5 Aralık 2007 Çarşamba

Osteoartrit ve geleneksel tedaviler

Genel olarak dejeneratif bir eklem hastalığı olan Artritin en yaygın çeşidi Osteoarttriir ve yaklaşık her 8 yetişkinden birini etkilemektedir. Genelde daha çok yük binen eklemlerdeki kıkırdak dokusundaki aşınmaya bağlı olarak gelişen ancak eklemde yer alan diğer ligamanlar, kapsüller, sinovyal zar ve kaslarda da sorunlara yol açarak gelişen osteoartirit başta diz olmak üzere meydana geldiği eklemlerde ağrı, hareket kısıtlılığı ve şişme gibi klinik belirtiler vermektedir.

Eklemlerdeki zaman içinde ortaya çıkan ve bazen obezite, diyabet gibi koşulların hızlandırdığı dejenerasyon, vücudun kaybolan dokuyu yenileyememesi nedeniyle zaman içinde osteoartirite dönüşmektedir. Osteoartirit için geleneksel tıp uygulamalarının sunduğu iyileştirici veya kaybolan dokuyu yenileyici bir tedavi bulunmamaktadır.

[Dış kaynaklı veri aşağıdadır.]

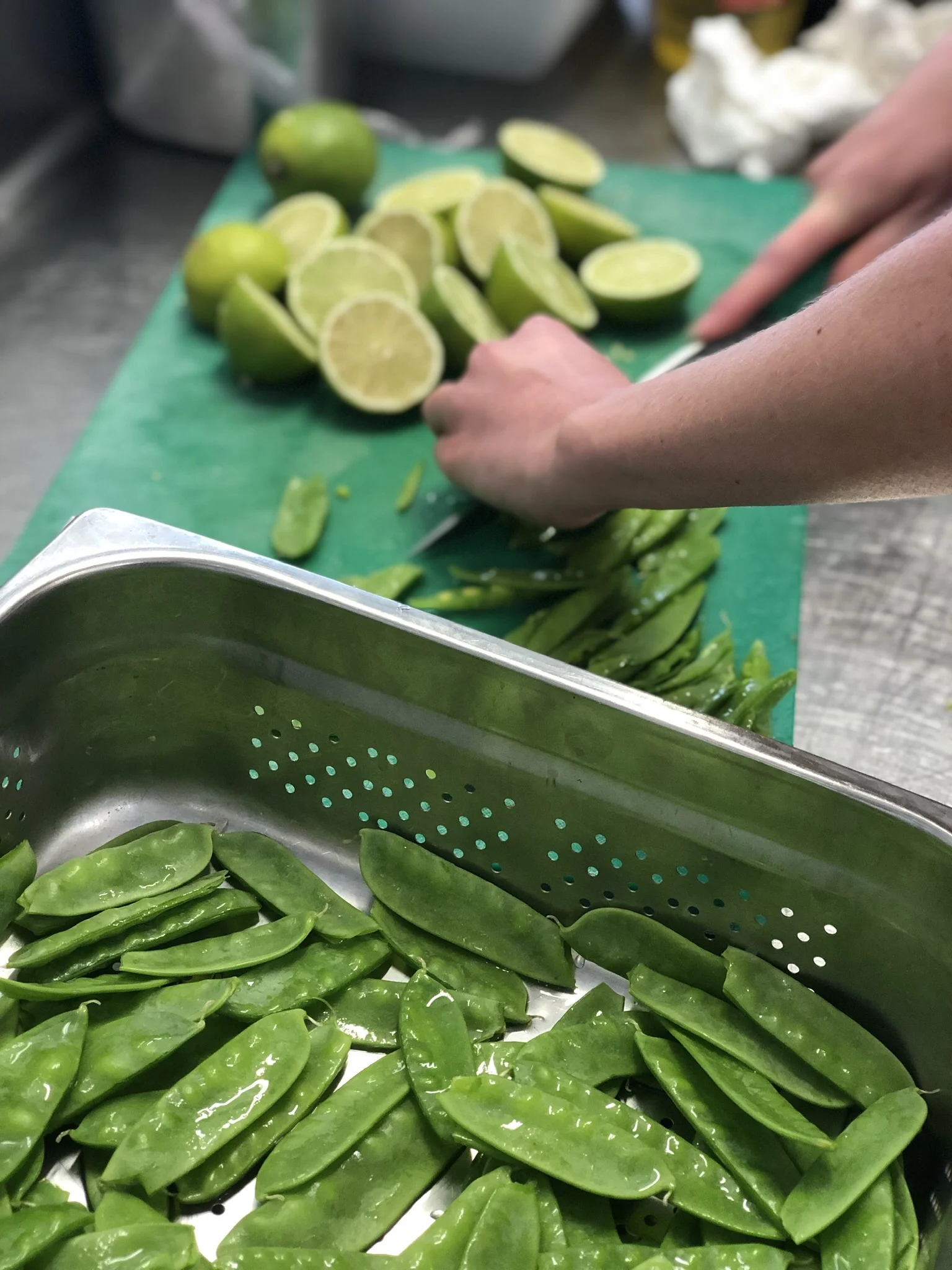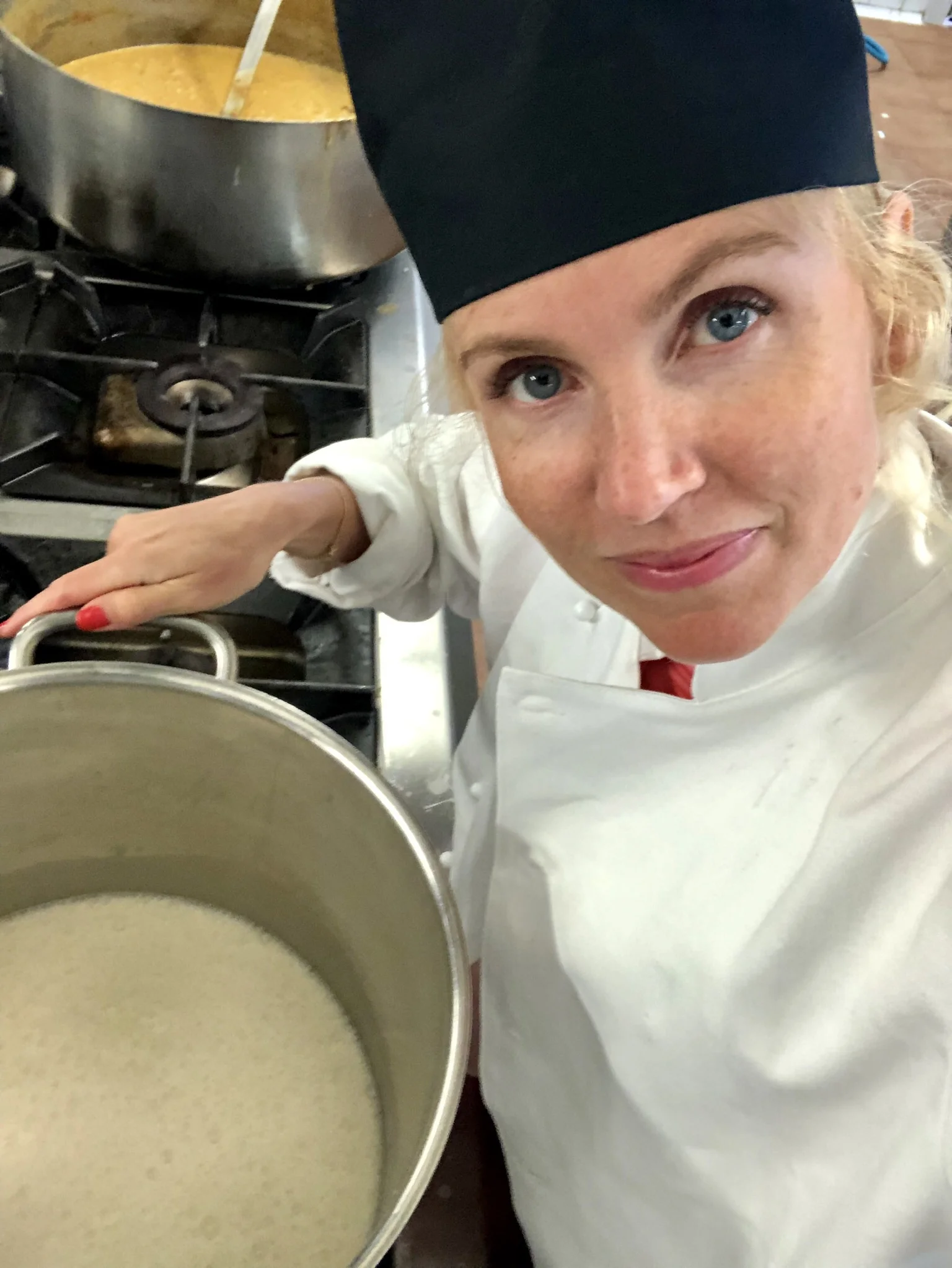 Stor del av dagarna så finns vi här. Vid de enorma kastrullerna i köket. Behöver inte tänka på att lyfta vikter sen kan vi lova. Köket här är helt enormt och till lunch och middag lagar vi grön inspiration till över 200 gäster.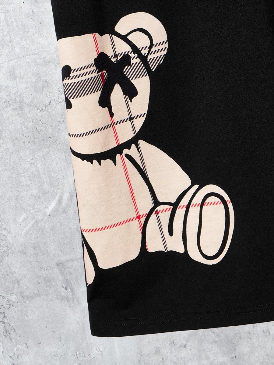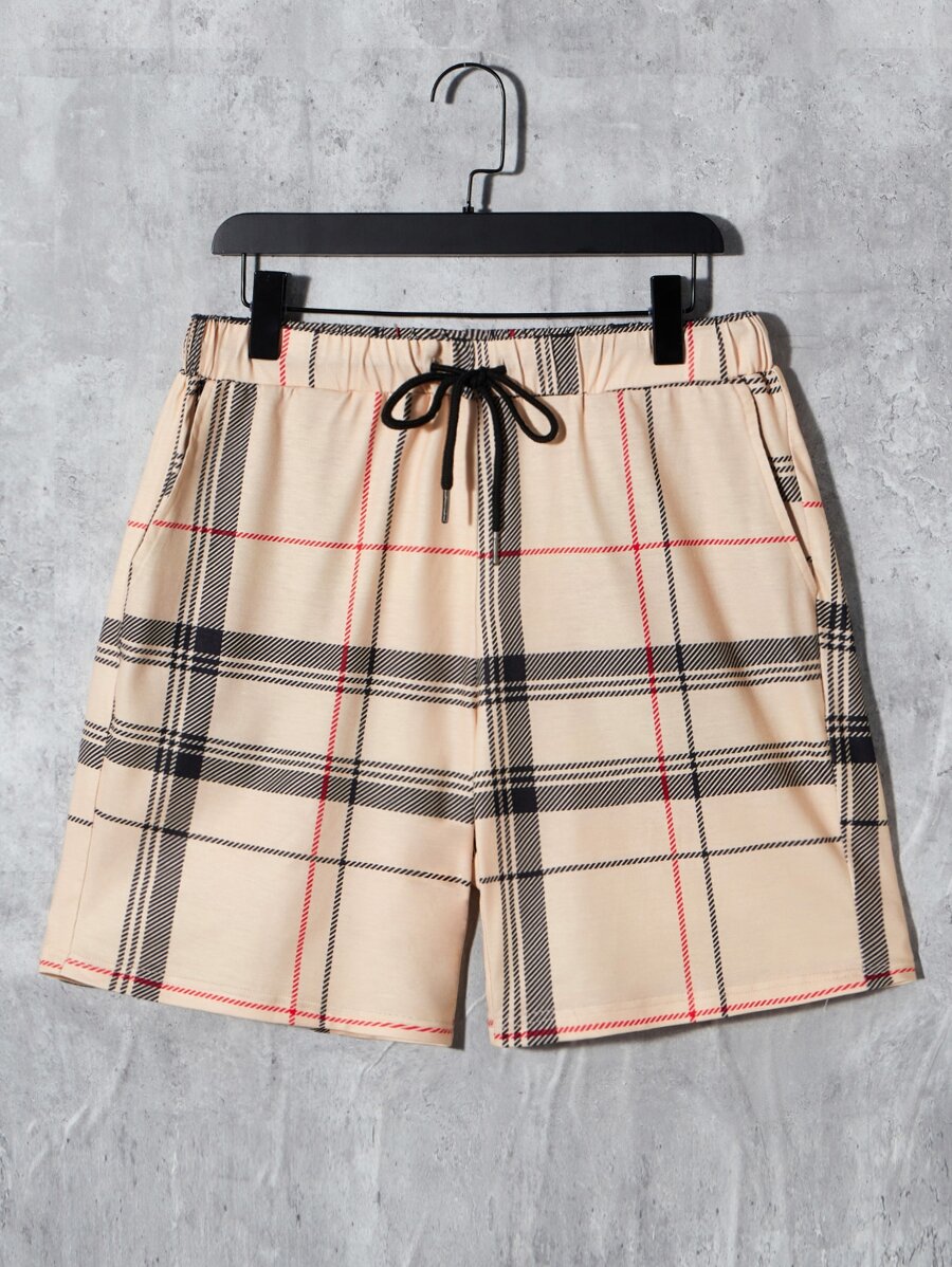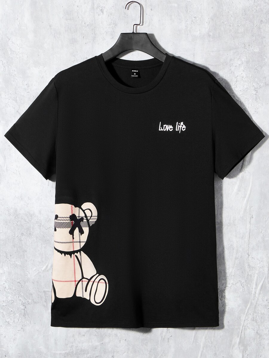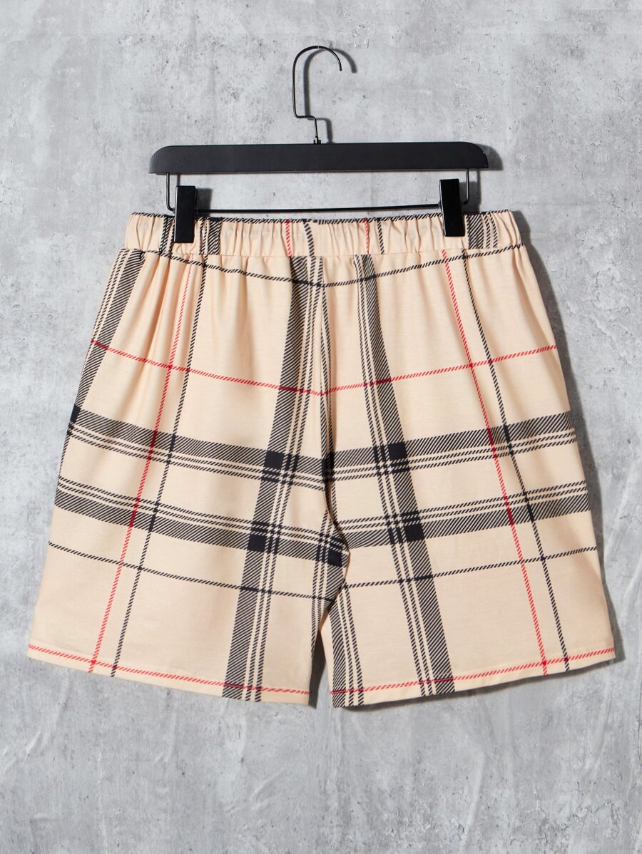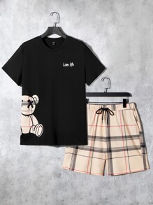 Guys Bear & Letter Graphic Tee & Plaid Drawstring Waist Shorts

Genel olarak uygulanan tedaviler çoğunlukla ağrıyı azaltmak için uzun süreli ağrı kesici ilaç kullanımı, kilo kontrolü, beslenmenin düzenlenmesi ve besin takviyeleri kullanımı, kaplıca tedavileri ve fiziksel rehabilitasyondur. Girişimsel tedaviler arasında ise atroskopi ile eklemde düzeltici müdahaleler yapmak ve deformasyona karşı osteotomi uygulamak gibi müdahaleler veya eklem içine kayganlaştırıcı jeller enjekte etmek bulunmaktadır. Ayrıca yürümeye yardımcı olan çeşitli aletlerde kullanılmaktadır.

Yukarıda bahsedilen yöntemler kalıcı bir sonuç vermediği için hastalığın ileriki aşamasında ağır ve riskli bir ameliyat olan ve total eklem artroplastisi olarak bilinen yapay diz veya kalça protezi önerilmektedir. Ancak bu ameliyatların iyileşme dönemi birkaç ay sürebilmekte, ameliyat sonrası ve kullanım döneminde enfeksiyon riski bulunmakta, protezler 10-20 yıllık sürelerde kullanılamaz hale gelmekte olduğun kesinlikle ideal bir çözüm değilerdir. Buna karşın her yıl yalnızca ABD'de 500,000'i aşkın total eklem artroplastisi ameliyatı yapılmaktadır.